6. Add Concurrent Sessions Tracking Table
P1
What: Create an active_calls table (or use Redis) to track which calls are currently active per org and per number.

Columns:
- id (uuid)
- session_id (fk to sessions)
- organization_id (fk to organizations)
- sip_number_id (fk to sip_numbers)
- started_at (timestamptz)
- call_id_sip (text) = The SIP Call-ID for debugging

Purpose: Quick COUNT query to check concurrent calls before accepting a new call. Rows are deleted when calls end.
Phase 3: Dashboard UI (Frontend)
7. SIP Numbers Management Page
P0
What: A new page or section in Settings where the business can see their assigned phone numbers and configure each one.

Features:
- Table showing: phone number, label, status (active/inactive), concurrent call limit
- Click a number to edit: label, greeting override, language override, system prompt override
- Show live call count (how many active calls on this number right now)
- Toggle active/inactive

Note: The actual number ASSIGNMENT is done by the client (stakeholder) via an admin panel or API. The business tenant can only VIEW and CONFIGURE their assigned numbers, not create new ones.

Where: src/app/(dashboard)/settings/ or a new src/app/(dashboard)/phone-numbers/ route.
8. Admin Panel: Number Assignment (for Client/Stakeholder)
P1
What: A super-admin interface where the client (who owns the PBX) can:
- Add new phone numbers to the system
- Assign numbers to organizations
- Reassign numbers between organizations
- See which numbers are in use across all tenants

Who uses this: Only the client/stakeholder, not the business tenants.

Consideration: Could be a separate admin route (e.g., /admin/numbers) or an API-only feature initially.
9. Call Analytics / Live Call View
P2
What: The Operations page should show:
- Currently active calls (live count) per number
- Call history with caller number, duration, tickets created
- Simple analytics: calls per day, average duration, busiest hours

Where: Enhance existing src/app/(dashboard)/operations/page.tsx
Phase 4: Security & Production Readiness
10. SIP IP Whitelisting
P0
What: Currently, anyone who knows our IP (72.62.70.61:15060) can send SIP calls. We need to restrict this to ONLY the Yeastar PBX's IP address.

How: Two approaches:
- Firewall level: iptables/ufw rule on the VPS to DROP any UDP to port 15060 that does not come from the Yeastar's public IP
- LiveKit level: Configure the SIP trunk's allowed_addresses to only accept the PBX IP

The client's message explicitly mentions this: "The bot's SIP listener should silently drop any UDP packets on port 15060 that do not originate from the Yeastar PBX's designated IP address."
11. Graceful Call Rejection (Capacity Limits)
P1
What: If the GPU is at capacity (all concurrent slots used), new calls should get a proper SIP rejection (486 Busy Here or 503 Service Unavailable) instead of just hanging.
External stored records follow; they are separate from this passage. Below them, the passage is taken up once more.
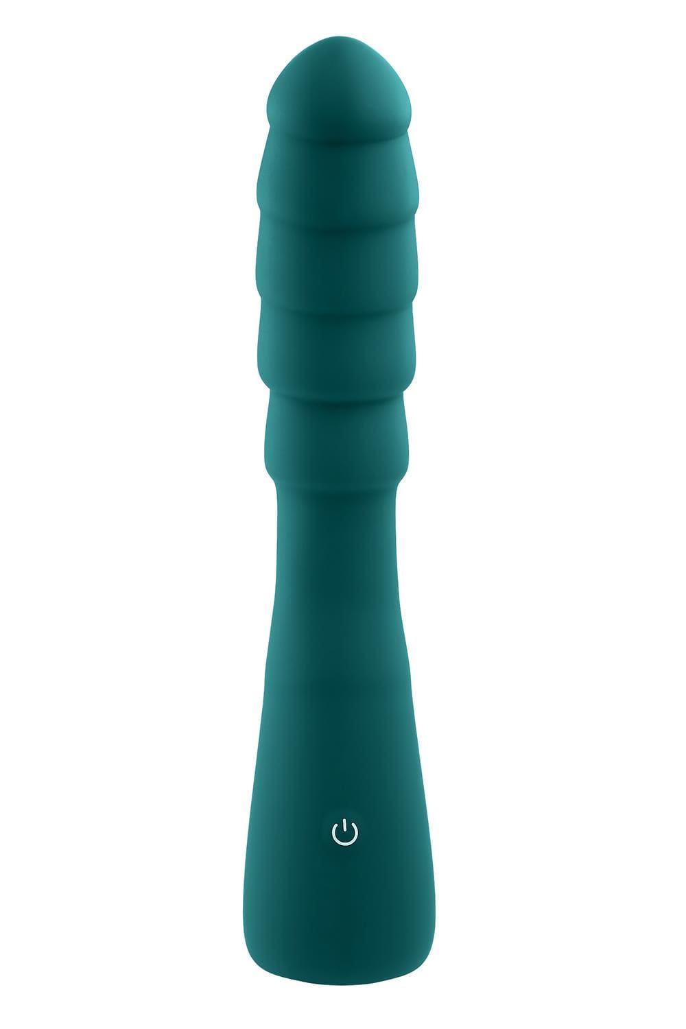 Część podstawy ma masywną, antypoślizgową formę, która zapewnia pewny chwyt i wygodne sterowanie urządzeniem. Dzięki ergonomicznej konstrukcji wibrator pozostaje stabilny i łatwy w obsłudze nawet podczas intensywnego użytkowania.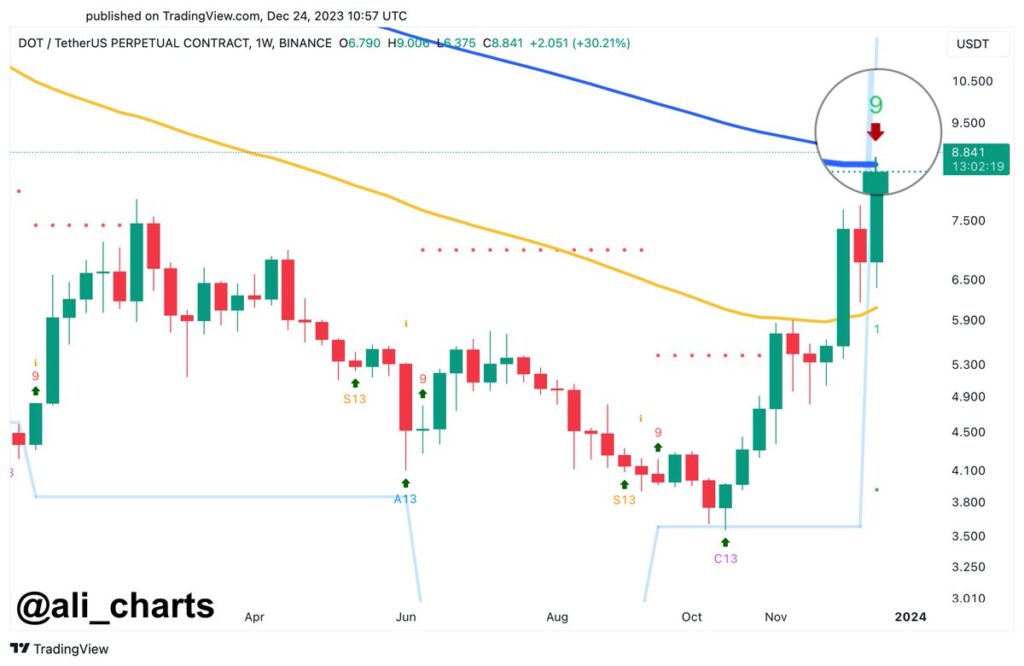 “Polkadot: the TD Sequential indicator flags a promote on the weekly chart for DOT, simply because it hits a key resistance on the 100-EMA (exponential transferring common). This might result in a spike in profit-taking, doubtlessly driving DOT all the way down to $7.50.”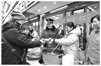 1月18日,安徽省阜南县鹿城镇骆寨社区居委会联合县公安局水上派出所举办“情暖腊八 粥暖邻心”活动,为辖区居民发放热腾腾的腊八粥,弘扬传统民俗文化,增进警民感情。图为民警和社区工作人员为居民发放腊八粥。 本报通讯员 吕乃明 摄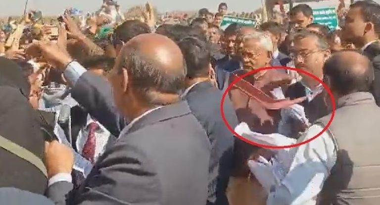 इससे लोग आक्रोशित हो गए और वहा कुर्सिया पटकने लगे और फिर टूटी कुर्सी का एक टुकड़ा सीएम नीतीश कुमार की तरफ फेंक दिया जो उनके ठीक चेहरे के सामने से गुजरा. सीएम कुर्सी के टुकड़े से बाल- बाल बचे.

How: Before the agent joins a Room, check concurrent call count. If over limit, do not join and let LiveKit handle the SIP rejection. Or configure LiveKit dispatch rules with a max participant limit.

Also needed: Ghost session cleanup. If a call drops without a SIP BYE (network failure), detect the silence after 10 to 15 seconds and force-close the session to free the slot.
12. Firewall Rules for RTP Port Range
P1
What: Ensure the VPS firewall allows the full RTP media port range.

Current: Ports 10000 to 12000 are open for RTP. If we increase concurrent calls, verify this range is sufficient.

Rule of thumb: Each call uses 2 RTP ports (audio send + receive). With 50 concurrent calls, we need at least 100 ports. 10000 to 12000 gives us 2000 ports, so plenty for now.